Sometimes, if you pay attention, you can see the causes of events before they even happen. For instance, the continued failure to appropriately reform the intelligence community portends continued failures of the community itself. There are both structural and analytical problems with U.S. intelligence, but many of them are eminently fixable with the right leadership . . . which we so sorely lack. Most of the issues are the same ones that we all found out about nearly five years ago, after the most massive intelligence failure in the history of our nation.

The report also criticized continued lack of communication between spy agencies and a cumbersome bureaucracy that governed security clearances. Noting that information sharing within the community is one of the most critical tenets of intelligence reform, it stated that progress on that front was limited to understanding the task at hand.
So progress in sharing within the IC is limited to . . . understanding the task at hand?

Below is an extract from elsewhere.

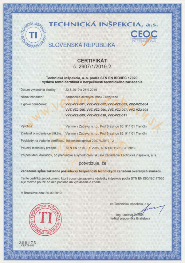 Kombinovaná věžová sestava VVZ-VZ2-010 je certifikována dle ČSN EN 1176

WHAT?? I mean, I'm happy that all elements of the IC now recognize the common task of, y'know, protecting the country, but maybe communicating better on the actual issues and information might further that common goal.

There's also this fun little nugget, which is the "why" of future articles about how the FBI has become the U.S. version of MI-5. I'm not totally opposed to the idea of a domestic spy agency, but isn't it at least worth a public debate about whether we want to turn our federal police force into an intelligence unit?
The changes at the Federal Bureau of Investigation were also noted in the House report, which concluded that the transformation of the F.B.I. to an intelligence agency with law enforcement power is starting to take root.
These kinds of things happen just beneath the surface of public consciousness, and then everybody is shocked when the detrimental effects are felt down the road.